Недоброжелатели при дворе заставили Оуяна Сю долго пробыть в изгнании в приграничном районе. Однако в конце 1030-х годов он вновь получил официальное назначение при императорском дворе, вначале как библиотекарь, а потом как политический обозреватель и составитель декретов. Ему представилась возможность принять участие в своего рода «возрождении» — попытке возврата к древней этике и письменности, к чистоте стиля и неподкупности. Он и его сторонники реформировали систему экзаменов на должность с двумя целями: чтобы воплотить в ней дух служения обществу и чтобы получить новых государственных служащих из самых разных мест. По старой системе на экзамене проверяли только искусство композиции, особенно стихотворных текстов, а также умение запоминать тексты. На новых экзаменах задавали вопросы относительно стандартов этики и о том, как государство может лучше служить народу.
Из собственных эссе Оуяна Сю очевидно, что это была консервативная революция. Его целью было «восстановление совершенства древних времен» — идеального века, «когда церемонии и музыка проникали повсюду». Культурность Оуяна Сю делала его личностью, типичной для всякого значительного общества со своими правилами вежливости: это был горожанин, слегка разочарованный и чувствительный. В его стихах воспеваются пение птиц и крепкие напитки; это сделало его уязвимым для моралистов из его собственной партии и для сторожевых псов противника.
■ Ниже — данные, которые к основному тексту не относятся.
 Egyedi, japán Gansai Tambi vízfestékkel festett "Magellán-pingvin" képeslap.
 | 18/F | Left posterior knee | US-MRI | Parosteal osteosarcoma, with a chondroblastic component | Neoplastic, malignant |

Он и сам был моралист, в сентенциозной и полной вражды атмосфере склонный к снисхождению к самому себе. Результат был предсказуем. Оуяна Сю преследовали обвинения в неподобающем поведении. Он споткнулся на собственном принципе: «Единство взглядов и стыд — главные методы укрепления личности. Без единства приемлемо все. Без стыда все возможно»[299].
Вначале его племянница, чьим опекуном он был, обвинила его в 1045 году в том, что он изнасиловал ее, перед тем как выдать замуж. По главному обвинению его оправдали, но признали виновным в том, что землю, купленную в приданое племяннице, он зарегистрировал на свое имя. Его карьеру прервало трехлетнее изгнание в Чучоу, где, как пишет сам Оуян, он ежедневно напивался. Восстановив свою репутацию, он вернулся ко двору и здесь пережил пик реформ, но в 1067 году разразился новый скандал, от которого Оуян Сю так никогда и не оправился. Его обвинили — по-видимому, ложно, так как никаких доказательств не было представлено, — в связи с его старшей невесткой и выслали в провинцию, где он занимал разные должности, пока в 1071 году ему не разрешили уйти в отставку.
Между тем он стал свидетелем торжества более радикальной партии, политику которой не одобрял: партия, которую возглавлял Ван Аньши, руководствовалась мистическим идеализмом, вдохновляемым буддизмом; Оуян Сю чурался буддизма. Ван считал жизнь подобной сну и ценил «достоинства сна» не меньше практических результатов. Идею об ответственности правительства он довел до крайности и искал совета «у крестьян и служанок»[300]. Начальным пунктом реформ он сделал современные проблемы, а не древние модели. Оуян Сю удалился в одиночество и забвение своего «павильона старого пьяницы», и теперь его тревожило лишь одно, чтобы «будущие поколения не смеялись надо мной»[301].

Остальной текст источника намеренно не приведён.